Plasma etchers are frequently used in semiconductor processing when a relatively straight vertical edge is needed. For instance, when etching the polysilicon gate of a MOS transistor, undercutting the polysilicon can adversely affect the operation of the transistor. Undercutting is frequently encountered when etching is performed using a liquid etching method. Plasma etching, which uses ions accelerated by an electric field, tends to etch only horizontal exposed surfaces and therefore avoids undercutting.
An important aspect of all etching processes is stopping the etching process after the layer being etched has been removed but before the next layer down is destroyed. This is often called "endpoint" detection--for detecting the completion of etching of a particular layer. For example, in fabricating MOS transistors it is necessary to etch away portions of a dielectric material covering a silicon substrate so as to expose contact regions on the surface of the substrate. A metal layer is then deposited on the exposed substrate regions in order to establish electrical contact with the underlying substrate. Unfortunately, damage may accrue to the contact areas of the substrate if the etching process is allowed to continue for a sufficient period after the dielectric material overlaying the contact areas has been removed. Such damage is known to have occurred despite employment of etching systems (such as the GCA Waferetch 616 triode etcher) having state of the art "endpoint" detection equipment.
Referring to FIG. 1, there is shown a triode etcher system 100. The system 100 has an etching chamber 102 with upper and lower cathodes 104 and 106, respectively, and a screen anode 108. The screen anode 108 is located between the two cathodes and is grounded. A semiconductor wafer 110 is placed in the chamber on the lower cathode 106. In this example the wafer 110 has a silicon substrate 112 which supports a dielectric layer 114. The dielectric layer 114 has been masked with resist 118 in order to define regions of dielectric layer 114 to be etched. Etching of the defined regions of the dielectric results in the exposure of contact regions on the surface of the substrate 112 over which metal contacts will be deposited. The interior of the etching chamber is filled with a gaseous etching plasma 120.

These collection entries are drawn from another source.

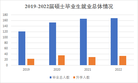 2019-2022届硕士生毕业人数分别为:121、153、167、169人,就业率分别为100%,98.04%,98.17%,98.22%,每年选择升学(包括国内升学和出国出境)的人数分别为23、36、29、34人,基本维持在20%左右的水平。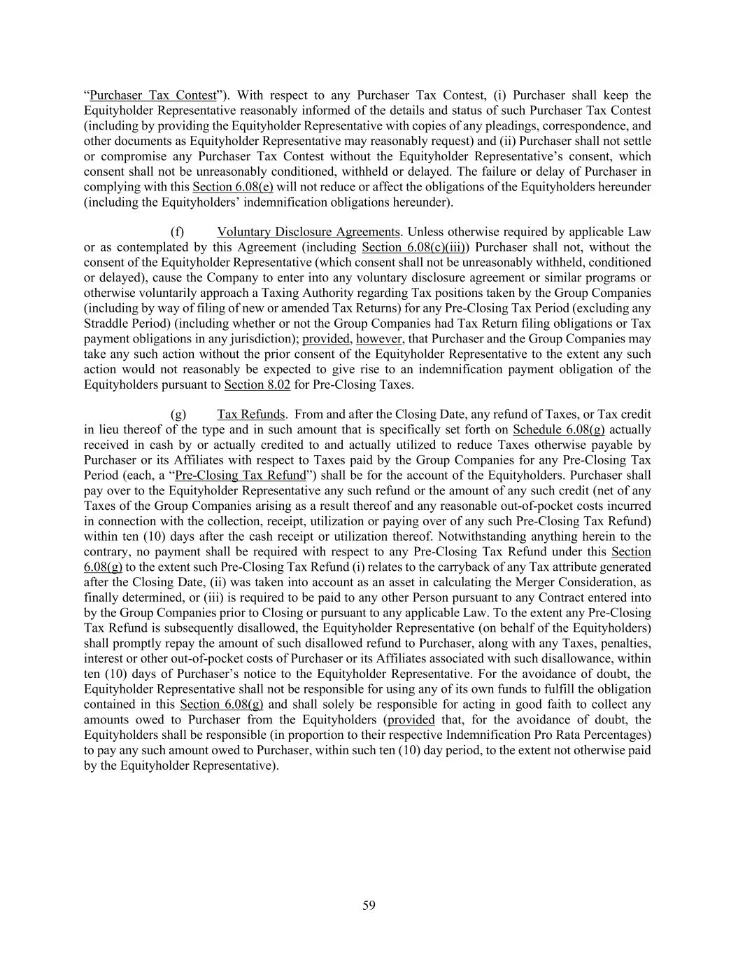 59 “Purchaser Tax Contest”). With respect to any Purchaser Tax Contest, (i) Purchaser shall keep the Equityholder Representative reasonably informed of the details and status of such Purchaser Tax Contest (including by providing the Equityholder Representative with copies of any pleadings, correspondence, and other documents as Equityholder Representative may reasonably request) and (ii) Purchaser shall not settle or compromise any Purchaser Tax Contest without the Equityholder Representative’s consent, which consent shall not be unreasonably conditioned, withheld or delayed. The failure or delay of Purchaser in complying with this Section 6.08(e) will not reduce or affect the obligations of the Equityholders hereunder (including the Equityholders’ indemnification obligations hereunder). (f) Voluntary Disclosure Agreements. Unless otherwise required by applicable Law or as contemplated by this Agreement (including Section 6.08(c)(iii)) Purchaser shall not, without the consent of the Equityholder Representative (which consent shall not be unreasonably withheld, conditioned or delayed), cause the Company to enter into any voluntary disclosure agreement or similar programs or otherwise voluntarily approach a Taxing Authority regarding Tax positions taken by the Group Companies (including by way of filing of new or amended Tax Returns) for any Pre-Closing Tax Period (excluding any Straddle Period) (including whether or not the Group Companies had Tax Return filing obligations or Tax payment obligations in any jurisdiction); provided, however, that Purchaser and the Group Companies may take any such action without the prior consent of the Equityholder Representative to the extent any such action would not reasonably be expected to give rise to an indemnification payment obligation of the Equityholders pursuant to Section 8.02 for Pre-Closing Taxes. (g) Tax Refunds. From and after the Closing Date, any refund of Taxes, or Tax credit in lieu thereof of the type and in such amount that is specifically set forth on Schedule 6.08(g) actually received in cash by or actually credited to and actually utilized to reduce Taxes otherwise payable by Purchaser or its Affiliates with respect to Taxes paid by the Group Companies for any Pre-Closing Tax Period (each, a “Pre-Closing Tax Refund”) shall be for the account of the Equityholders. Purchaser shall pay over to the Equityholder Representative any such refund or the amount of any such credit (net of any Taxes of the Group Companies arising as a result thereof and any reasonable out-of-pocket costs incurred in connection with the collection, receipt, utilization or paying over of any such Pre-Closing Tax Refund) within ten (10) days after the cash receipt or utilization thereof. Notwithstanding anything herein to the contrary, no payment shall be required with respect to any Pre-Closing Tax Refund under this Section 6.08(g) to the extent such Pre-Closing Tax Refund (i) relates to the carryback of any Tax attribute generated after the Closing Date, (ii) was taken into account as an asset in calculating the Merger Consideration, as finally determined, or (iii) is required to be paid to any other Person pursuant to any Contract entered into by the Group Companies prior to Closing or pursuant to any applicable Law. To the extent any Pre-Closing Tax Refund is subsequently disallowed, the Equityholder Representative (on behalf of the Equityholders) shall promptly repay the amount of such disallowed refund to Purchaser, along with any Taxes, penalties, interest or other out-of-pocket costs of Purchaser or its Affiliates associated with such disallowance, within ten (10) days of Purchaser’s notice to the Equityholder Representative. For the avoidance of doubt, the Equityholder Representative shall not be responsible for using any of its own funds to fulfill the obligation contained in this Section 6.08(g) and shall solely be responsible for acting in good faith to collect any amounts owed to Purchaser from the Equityholders (provided that, for the avoidance of doubt, the Equityholders shall be responsible (in proportion to their respective Indemnification Pro Rata Percentages) to pay any such amount owed to Purchaser, within such ten (10) day period, to the extent not otherwise paid by the Equityholder Representative).
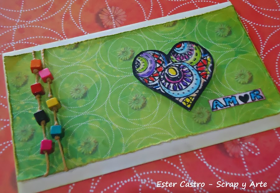 Sobre un recorte de la mini lámina elegida para decorar nuestra tarjeta le realizamos un desgastado por los bordes luego pegamos los hilo o cordón con las cuentas a un costado de ella y del otro lado colocamos el Corazón con volumen y la palabra Amor y la aplicamos sobre la tapa de la tarjeta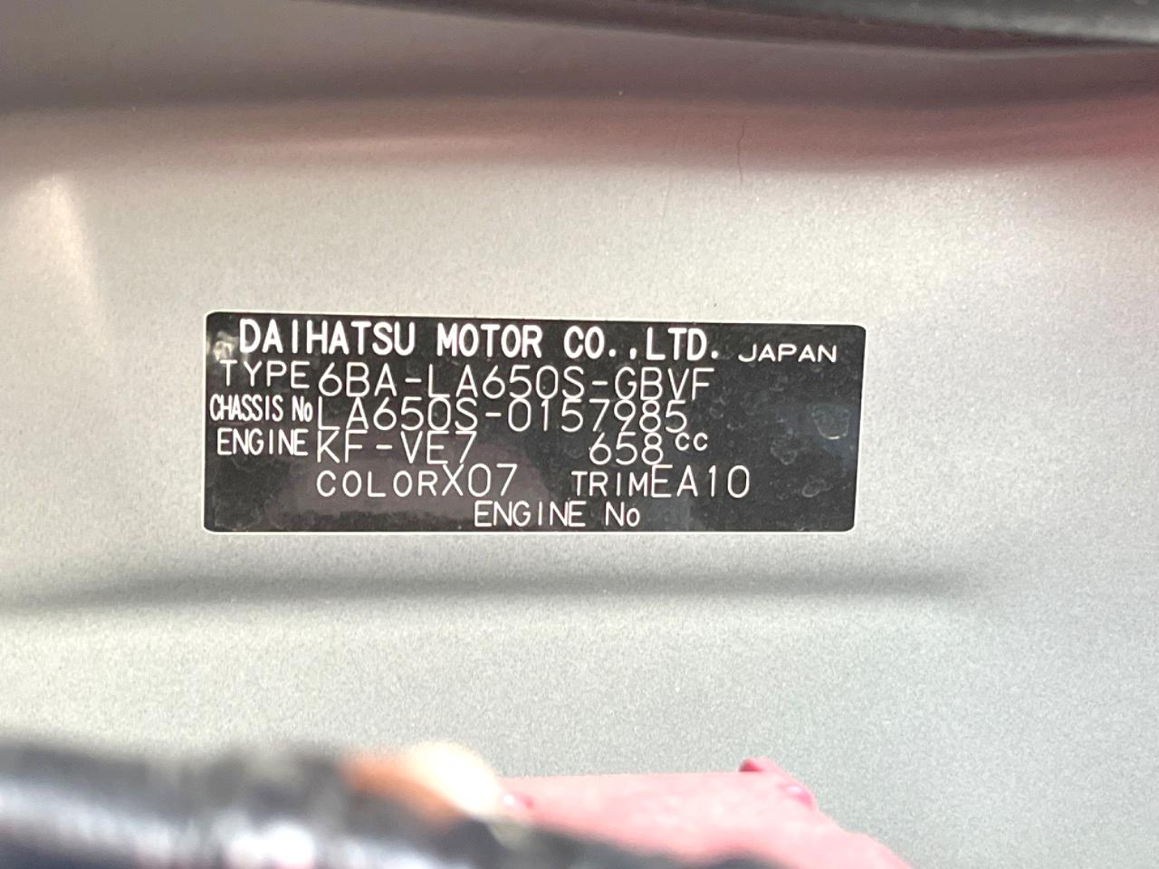 | Chassis No | LA650S-0157985 |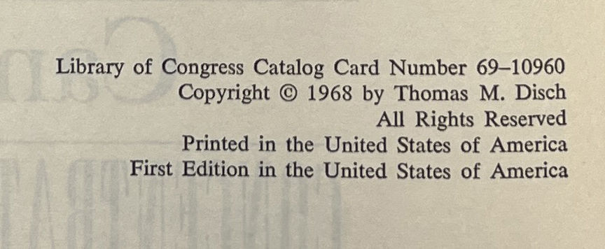Garden City: Doubleday & Company, Inc, 1969. First Edition. Hardcover. Fine/Near Fine. From the personal collection of Thomas Disch. Fine in a Near Fine jacket, unclipped ($4.95), faintly rubbed at the surface, a short closed tear at the bottom edge of the front panel. Black cloth with orange ink lettering on the spine. Firmly bound with a slight forward lean, clean internally. Disch's classic science fiction novel of a war-time mind-altering experiment conducted on prisoners as told from the perspective of eccentric poet Louis Sacchetti.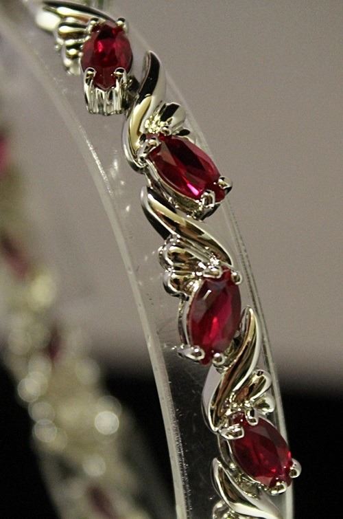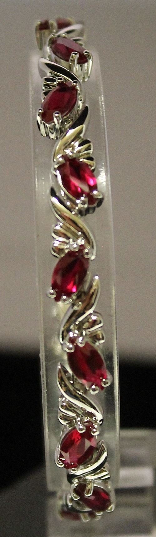 Beautiful Sterling Silver Lab Ruby & White Topaz Bracelet. Twt approx 25 cts.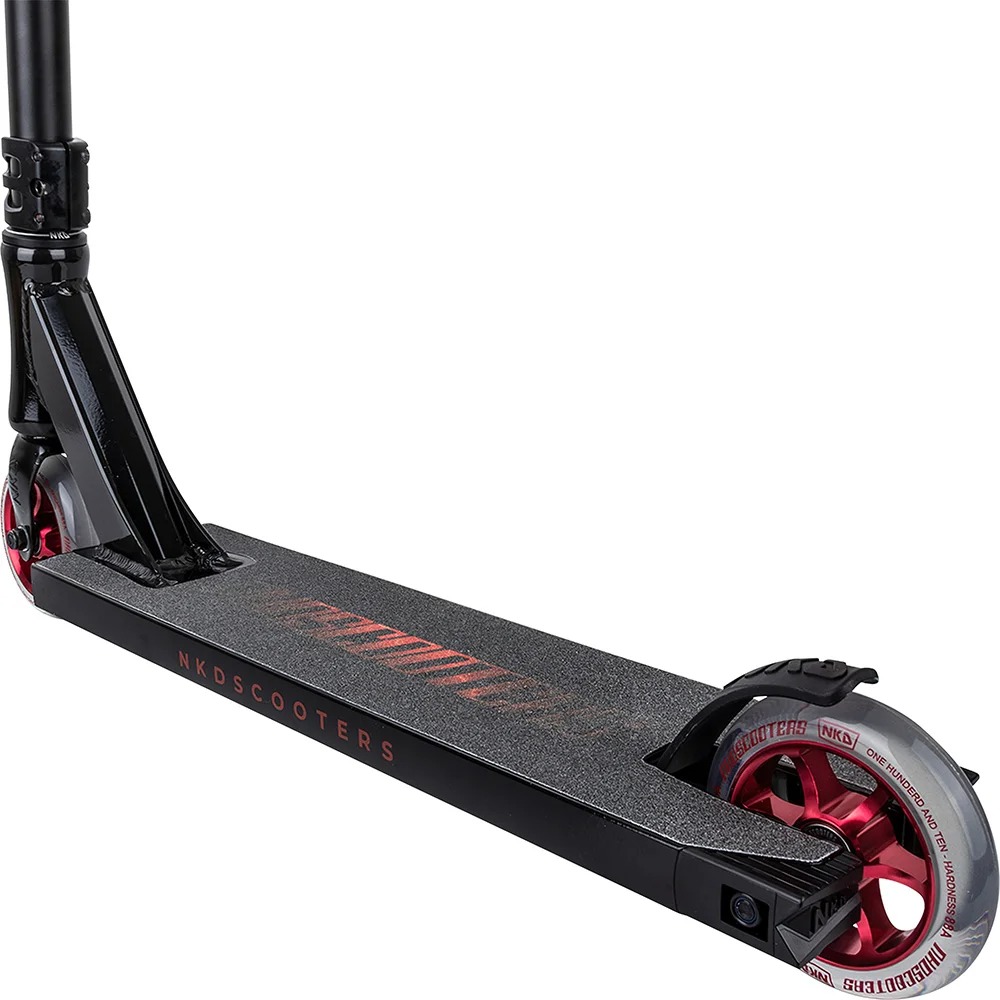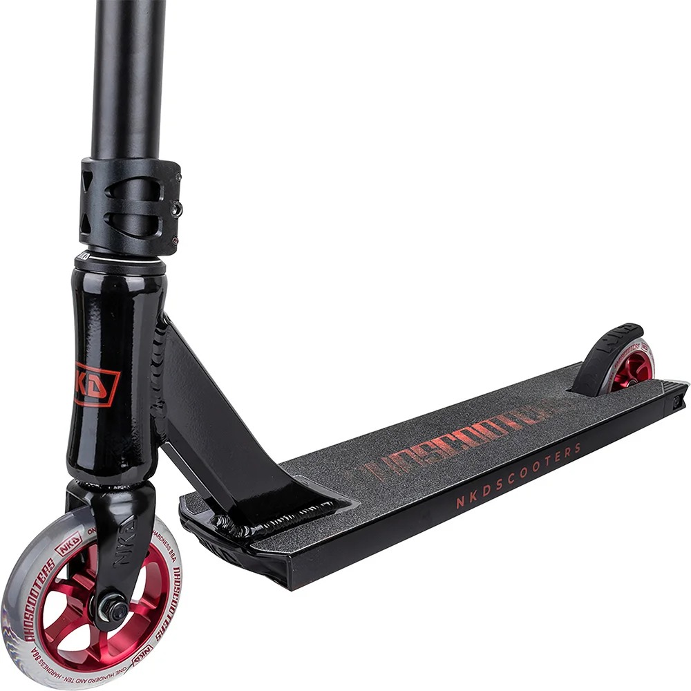 Er du klar til å bli blåst bort? NKD Rally Stunt scooteren er her for å samsvare verden og det vil at du skal komme med. Denne stunt scooteren kan ri på gatene og ramper, mens du glir på alt på vei, som det er det eneste det noen gang har gjort. Det er perfekt for alle slags ryttere, enten du er nybegynner eller har ridd i årevis. Det er en blanding av styrke og lyshet, med krombjelken og det brede aluminiumsdækket, med ekstra slipeskinner.

The system has a 13.56 megahertz RF power supply 130 which has a characteristic impedance of 50 ohms. The chamber 102, however, has a characteristic impedance of around 1000 ohms at this frequency. Without the use of a compensating circuit, this impedance mismatch would cause most of the power output by the power supply to be reflected off the load (i.e., the chamber) and back to the source, which could damage the power supply 130. To overcome this problem, most or all etching systems use a compensating circuit 132, sometimes called an impedance transformation circuit, which matches the amplifier to the plasma. In a triode etcher such as the one shown in FIG. 1, this circuit includes an inductor coil L1 and three tunable capacitors C1, C2 and C3. A controller 134 automatically monitors the reflected power and adjusts the three capacitors until the reflected power is less than a specified threshold value, and also splits the power between the upper and lower electrodes.
In general, the plasma 120 etches the top layer of the wafer 110 only when the power supply 130 is activated and when the power reflected by the plasma chamber is relatively low. Activating the power supply 130 "strikes" the plasma, and activates the etching process. While etching any particular layer, light is generated at frequencies corresponding to the chemical makeup of the layer being etched. That is, the layer being etched chemically combines with the plasma, creating predictable chemical compounds, and the light frequencies present in the plasma correspond to these chemical compounds.
In many plasma etching systems the endpoint of the etching process is detected using a light or optical sensor 140. Typically, the optical sensor 140 is set up, using narrow bandpass filters, to monitor the intensity of light at a frequency associated with the layer being etched. When the measured intensity falls below a specified threshold, indicating that etching is complete, the sensor 140 generates an endpoint signal that is transmitted over line 142 to the controller 134, which turns off the power supply 130 and thereby stops the etching process.
Nonetheless, in conventional etching systems such as that depicted in FIG. 1 the endpoint signal may not be generated until the confined plasma has etched away substantially all of the dielectric material 114 over the contact areas on the surface of the substrate 112. In some instances the delay between completion of the dielectric etch and the subsequent disengagement of the power supply 130 has allowed the plasma to significantly damage the exposed contact surfaces of the substrate 112. Plasma etch damage is known to have a particularly deleterious effect upon the reliability of, for example, dynamic random access memory (DRAM) semiconductor memory devices. It is therefore an object of the present invention to provide an etching process capable of removing a defined region of a specified layer of a semiconductor structure while inflicting minimal damage upon the underlying surface.